YOUR ASSIGNMENT: Reproduce exactly, and only, the lines of the material below running from the line bearing "1397 x 13 mm |" through the line bearing "On Wednesday, July". Leave any pictures out.

TASK INPUTS:
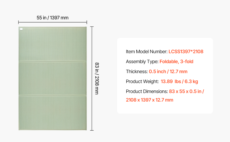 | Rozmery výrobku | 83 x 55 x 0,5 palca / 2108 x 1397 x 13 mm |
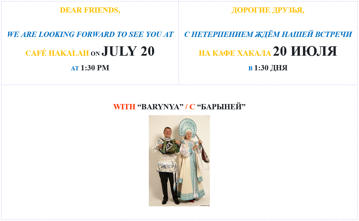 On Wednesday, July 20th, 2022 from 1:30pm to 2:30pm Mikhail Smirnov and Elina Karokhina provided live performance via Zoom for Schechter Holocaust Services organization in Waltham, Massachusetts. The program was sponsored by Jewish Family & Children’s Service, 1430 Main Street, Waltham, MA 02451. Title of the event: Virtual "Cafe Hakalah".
---
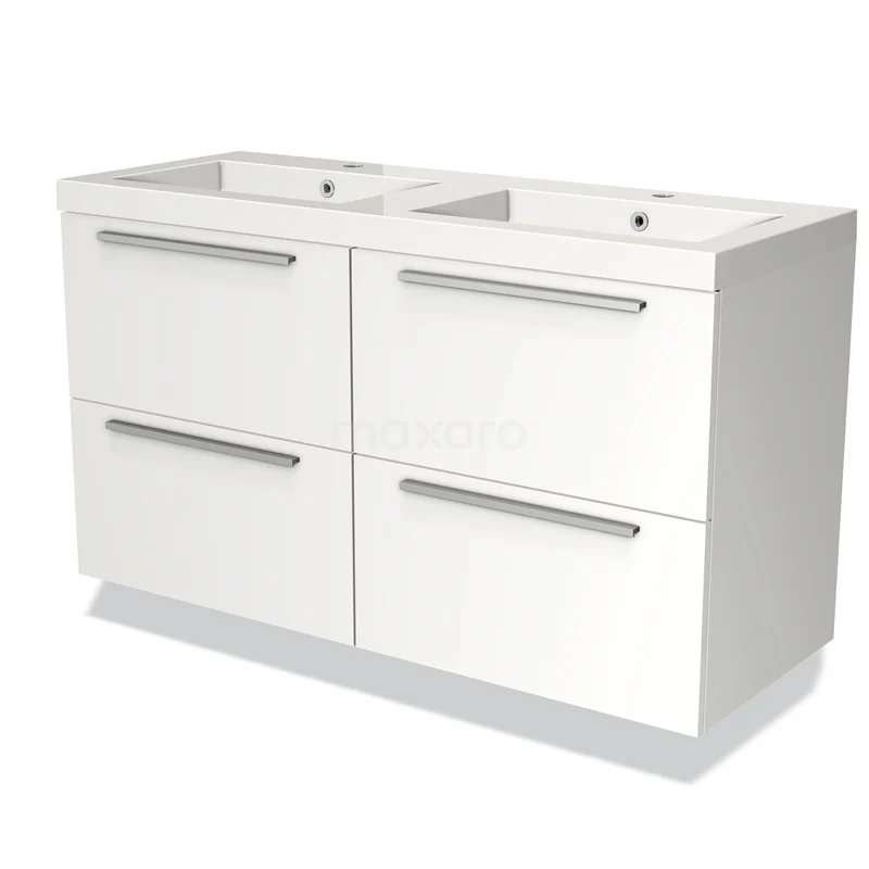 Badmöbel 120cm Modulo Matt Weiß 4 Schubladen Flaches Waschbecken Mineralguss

WRITTEN RESPONSE:
 | Rozmery výrobku | 83 x 55 x 0,5 palca / 2108 x 1397 x 13 mm |
 On Wednesday, July 20th, 2022 from 1:30pm to 2:30pm Mikhail Smirnov and Elina Karokhina provided live performance via Zoom for Schechter Holocaust Services organization in Waltham, Massachusetts. The program was sponsored by Jewish Family & Children’s Service, 1430 Main Street, Waltham, MA 02451. Title of the event: Virtual "Cafe Hakalah".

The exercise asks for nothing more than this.